Santaella argumenta que as mudanças tecnológicas são e serão influências

diretas para o leitor. O entendimento é que, mesmo aqueles leitores contemplativos,

como habitualmente são chamados os que gostam de ler algo cujo veículo é o papel, são

alvo constantes das mídias, que buscam meios de cativá-los. É para eles que o texto se

ajusta aos meios, ou os meios ao texto, visando um direcionamento, uma orientação.

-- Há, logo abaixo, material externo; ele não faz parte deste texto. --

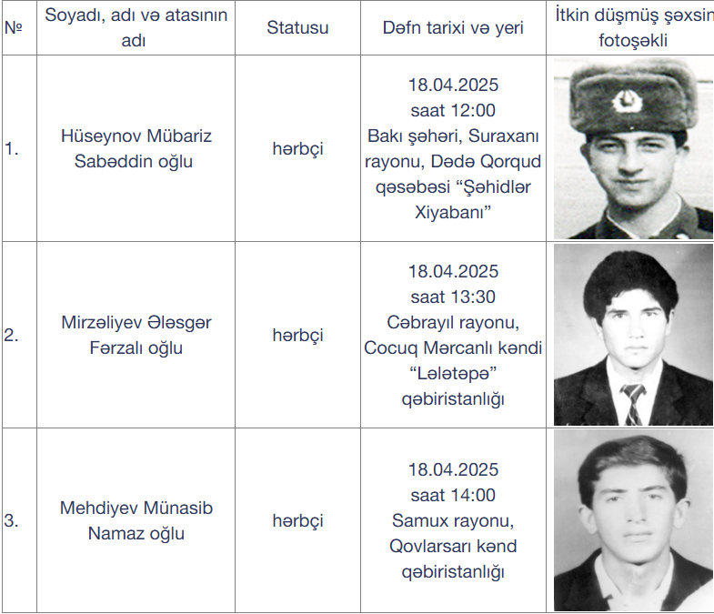 Şəhidlər aprelin 18-də dəfn olunacaq. M.Hüseynov Bakı şəhəri, Suraxanı rayonu, Dədə Qorqud qəsəbəsi “Şəhidlər Xiyabanı”nda, Ə.Mirzəliyev Cəbrayıl rayonu, Cocuq Mərcanlı kəndi, “Lələtəpə” qəbiristanlığında, M.Mehdiyev isə Samux rayonu, Qovlarsarı kənd qəbiristanlığında torpağa tapşırılacaq.
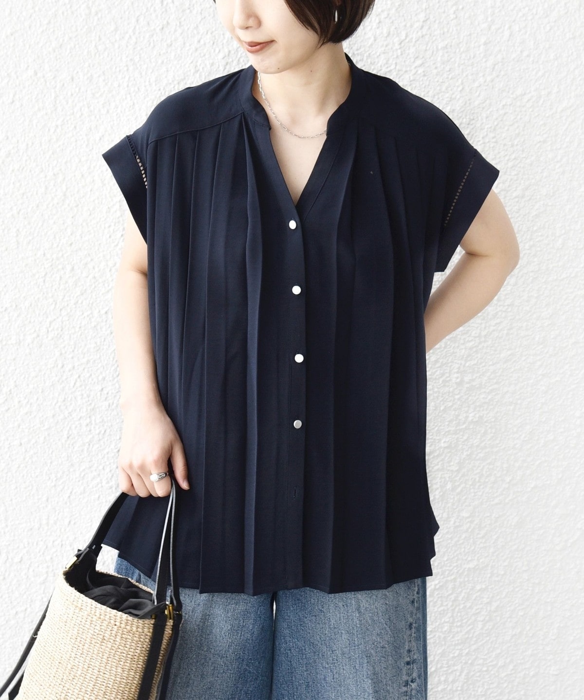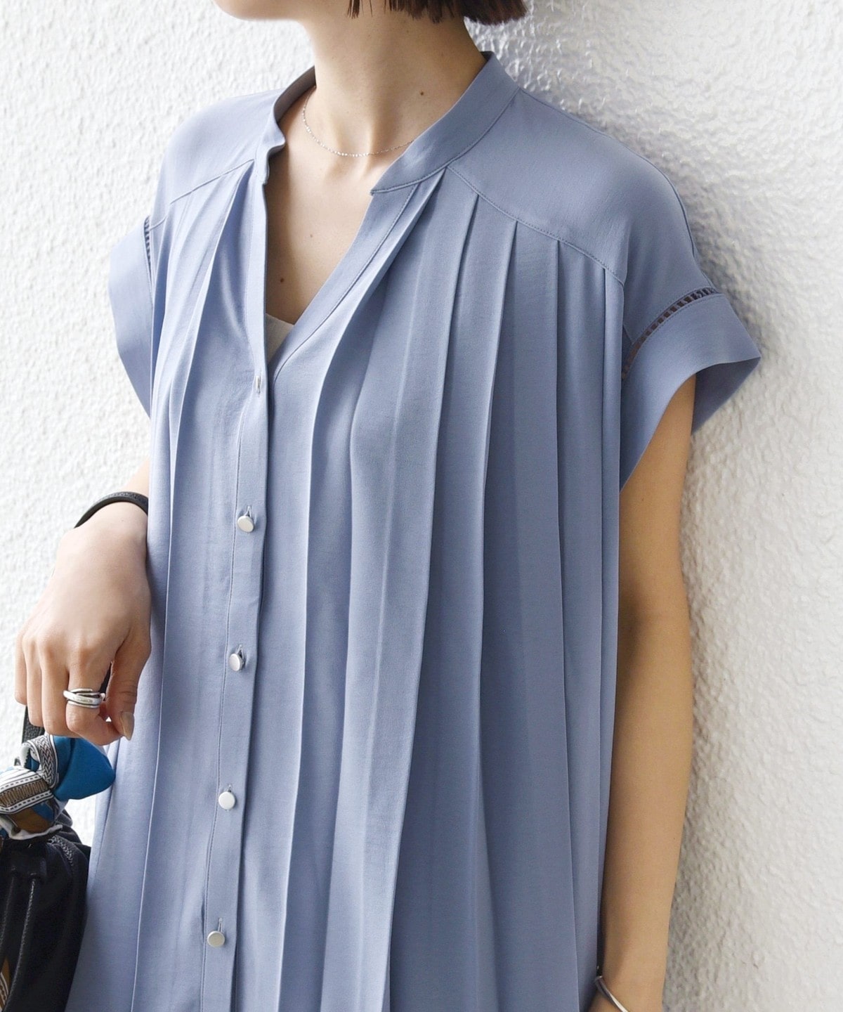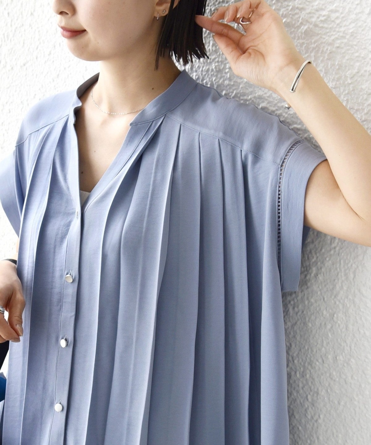 フロントにプリーツ加工を施しスキッパー襟のさわやかなデザインに仕上げました。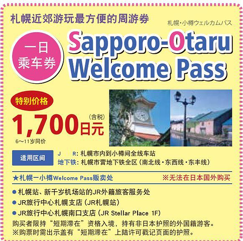 除此之外,札幌-小樽间的Welcome pass也是很推荐同学们购买的。说是可以一日内无限次来回札幌-小樽,但谁会一天跑来跑去好几次呢?所以说比直接买票也就便宜了200日元,但是这个pass还送札幌地铁一日券,放着札幌景点走一遍还是有些用处的。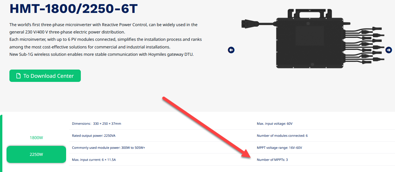Danke Auric für die schnelle Antwort, das mit den 3 MPPTs hab ich auch gesehen, allerdings stand in einem Beitrag der Zeitschrift ct ("Ab aufs Dach"), dass genau dieses Modell über 6 MPPTs verfügt. Aber vermutlich weiß es der Hersteller besser und das Datenblatt stimmt doch...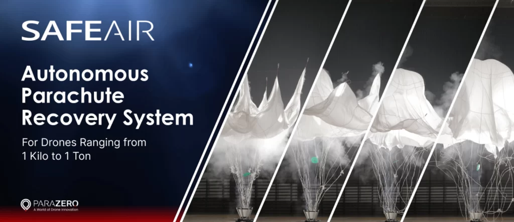 We are able to provide parachute solutions from two different companies that each have specific expertise in rescue parachute solutions. We offer pyrotechnic solutions from ParaZero located in Be’er Sheva, Israel for VTOL or transitional VTOL aircraft that require a deployment mechanism to propel the parachute away from the aircraft. We also offer fixed wing rescue/recovery parachute and air bag solutions from PASA – UAV Safety Solutions AG located in Landsberied, Germany (just outside of Munich). The advantage of PASA solutions is the size/weight is typically smaller than other solutions on the market. They also have an auto cord cutter solution that releases the parachute once the air vehicle has landed to minimize any damage due to high wind. ParaZero rescue parachute solutions are for large aircraft but they also provide parachute delivery solutions and cUAS ballisic net solutions.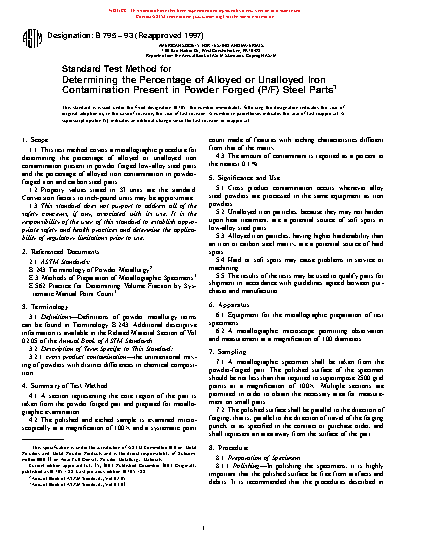 1.1 This test method covers a metallographic procedure for determining the percentage of alloyed or unalloyed iron contamination present in powder forged low-alloy steel materials and the percentage of alloyed iron contamination in powder forged iron and carbon steel materials.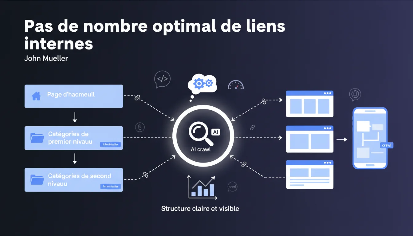 Google affirme qu'il n'existe aucun nombre optimal de liens internes par page. Ce qui compte réellement : la clarté de votre architecture de site lors du crawl. Les robots doivent identifier instantanément la hiérarchie (homepage, catégories primaires, sous-catégories) sans ambiguïté.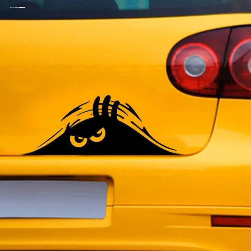 汽车后备箱盖车贴羞涩小野兽偷瞄小怪物划痕遮挡车身趣味装 饰贴纸

Claro que os diversos suportes disponíveis para a leitura orientam e segmentam os

públicos. A diagramação, inserção de imagens, infográficos e recursos estilísticos

facilitam a interpretação do leitor (SCALZO, 2004), porém, o principal eixo é a

interação textual, que requer do leitor uma demanda de significações e interpretações

muito mais restrita ao seu repertório.

DESENVOLVIMENTO

Em que o revisor pode ajudar nessa tarefa de significação? É o registro de cada

pessoa que torna a leitura algo estritamente pessoal. As vivências, experiências e

mazelas da vida moldarão os tipos de leitores, logo, subentende-se que para cada um

deles, determinado texto pode ter ou não um valor intrínseco; os objetos de discurso a

que o texto faz referência são apresentados, em grande parte, de forma incompleta,

permanecendo muita coisa implícita (...) (KOCH, 2009, pág. 71). Por isso o profissional

da revisão é aquele que pode e deve dar significado e clareza ao texto. É ele que, na

ausência de sentido, vai cerzir as frases e torná-lo consumível. Koch argumenta que o

texto, por si, não tem significação à priori, sendo sua interpretação fruto de um contexto

estabelecido pelo autor. Logo, o papel do revisor, atualmente, não é só o de estruturar

um texto à norma culta, mas, como se dizia há algum tempo, realizar muito copidesque

(MALTA, 2000).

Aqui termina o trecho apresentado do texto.